La gran novedad es la integración de la Inteligencia Artificial (IA) en la práctica clínica. El código establece que el uso de estas herramientas debe ser ético y supervisado, asegurando que la tecnología sea un complemento y nunca un sustituto del juicio profesional y el contacto humano. Además, se regula por primera vez el comportamiento y la imagen profesional en redes sociales, un campo donde la ética y la privacidad a menudo se ven comprometidas.

Seguridad, investigación y responsabilidad profesional

La seguridad del paciente se consagra como un deber deontológico ineludible. El código prescribe cómo actuar ante incidentes y eventos adversos y cómo gestionar el riesgo asistencial de manera proactiva.

En el ámbito de la investigación, se exige que los cuidados estén basados en la evidencia científica y se regula de forma estricta la divulgación de resultados. Otros aspectos clave que refuerzan la integridad de la profesión son el conflicto de intereses, intrusismo laboral o objeción de conciencia.

El nuevo texto incluye un área dedicada a la Cooperación al Desarrollo y la Enfermería Transcultural, reconociendo la diversidad de las poblaciones atendidas.
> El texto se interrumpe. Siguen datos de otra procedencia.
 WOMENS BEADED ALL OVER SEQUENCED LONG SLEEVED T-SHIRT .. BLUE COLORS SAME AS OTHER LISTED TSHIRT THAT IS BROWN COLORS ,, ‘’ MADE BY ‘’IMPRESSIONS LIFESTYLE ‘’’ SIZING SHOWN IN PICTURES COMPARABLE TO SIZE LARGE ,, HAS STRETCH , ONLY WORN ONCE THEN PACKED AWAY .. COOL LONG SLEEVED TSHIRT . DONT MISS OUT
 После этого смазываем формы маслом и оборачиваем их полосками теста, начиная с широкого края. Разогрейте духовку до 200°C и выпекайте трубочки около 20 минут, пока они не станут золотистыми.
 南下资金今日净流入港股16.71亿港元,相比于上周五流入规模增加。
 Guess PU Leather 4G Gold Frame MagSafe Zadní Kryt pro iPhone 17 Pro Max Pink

En situaciones de catástrofe y emergencia, se establece la obligación de asegurar una distribución equitativa de los recursos y el deber de la enfermera de asumir el liderazgo si es el profesional más cualificado en el lugar.
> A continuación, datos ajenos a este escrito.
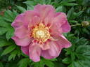 Intersectional Hybrid / Itoh. Peach - pink, deep pink flares. Yellow stamens. Semi-double bloom form. USDA zone 3a through 8a. Height: up to 3' (up to 90cm). Width: up to 3' (up to 90cm).
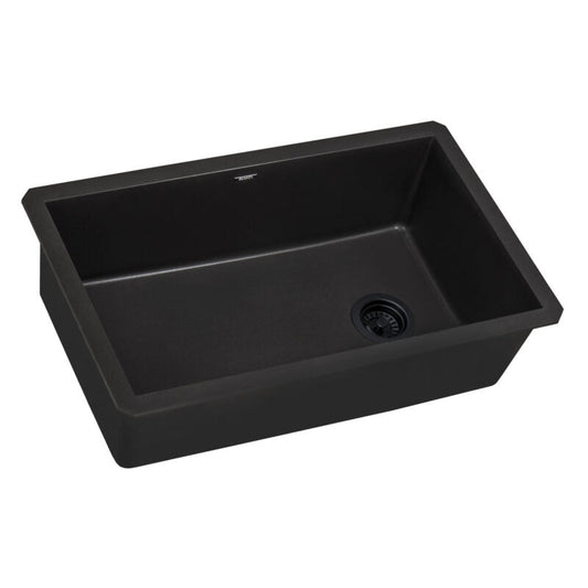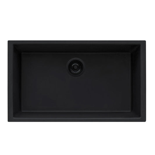 Ruvati epiGranite 30” x 18” Midnight Black Undermount Granite Single Bowl Kitchen Sink With Basket Strainer, Bottom Rinse Grid and Drain Assembly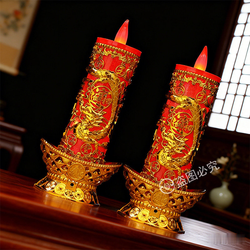 LED仿真电子蜡烛灯供佛入伙春节过年财神长明灯家用新款烛台电池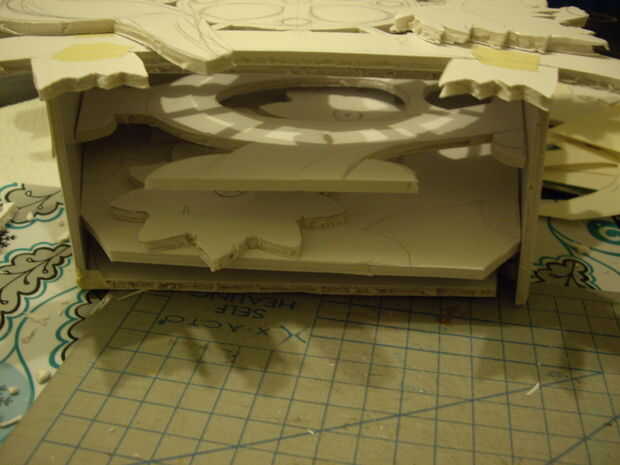 Después de que yo había averiguado lo que quería dibujaba a base de la espuma, cortar todo y grabado juntos para crear lo que se ve en las fotos. Los engranajes de la base de la espuma que había creado funcionó bien, pero aplasta un poco como base de la espuma tiende a hacer, cuando he intentado convertirlos. Pude sólo espero que engranajes Gingerbread serían más difíciles y resultaría bien.
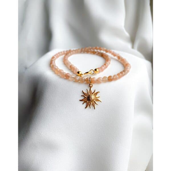 Kamień słoneczny zmniejsza wahania nastroju i pomaga odnaleźć życiową równowagę. Harmonizuje myśli i usuwa blokady wywołane przez smutek i troski. Wzmacnia kobiecą energię. Pomaga rozpalić wewnętrzne światło miłości oraz iść przez życie z pozytywnym nastawieniem. Wzmacnia energię życiową i nadaje kobiecej delikatności.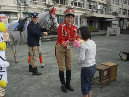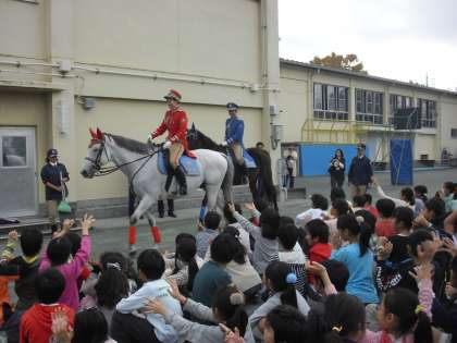 集会の終わりに、お馬さんの大好きなりんごをプレゼントしました。お馬さんは、みんなの周りを1周して馬事公苑に帰って行きました。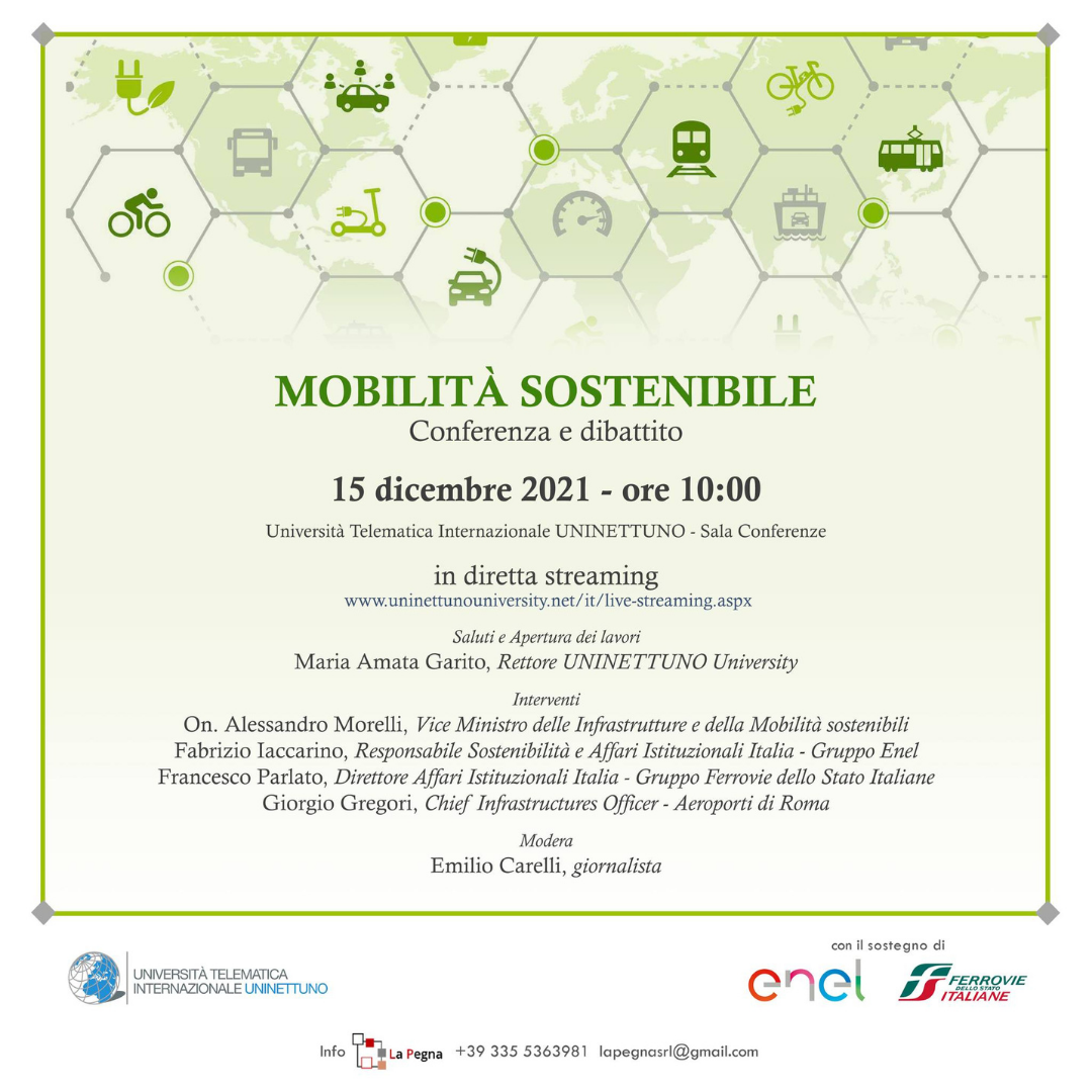 Mercoledì 15 dicembre alle ore 10:00, in collaborazione con Enel e Ferrovie dello Stato, si tiene la conferenza MOBILITÀ SOSTENIBILE, in diretta streaming dalla Sala Conferenze Uninettuno.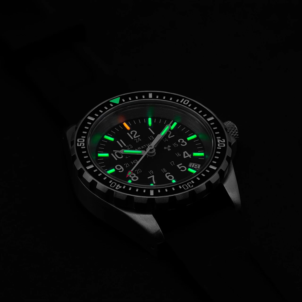 The Diver’s Quartz Medium uses self contained Tritium gas tubes to ensure constant visibility in low light situations, a Tritium gas tube is placed on each hour marker as well as the hour and minute hands. Tritium tubes are self illuminating gas tubes which contain an isotope of hydrogen that does not dull in brightness.

Finalmente, el código abraza la responsabilidad ambiental. Las enfermeras se comprometen con el desarrollo sostenible y la optimización de recursos, vinculando la salud de las personas con la salud del planeta (One Health).

Un compromiso con la excelencia

La entrada en vigor de este Código Ético y Deontológico supone un antes y un después para la sanidad española. Como señala el preámbulo del texto, el objetivo final es alcanzar la excelencia en el ejercicio profesional mediante un cuidado digno, eficaz y eficiente.

Las enfermeras españolas cuentan ahora con la herramienta más avanzada de Europa para navegar por los complejos dilemas éticos de nuestro tiempo. Desde la gestión sanitaria y la formulación de políticas de salud hasta la mentoría de estudiantes y la atención en el domicilio, cada acto enfermero queda ahora respaldado por un compromiso ético renovado y adaptado a la realidad del siglo XXI.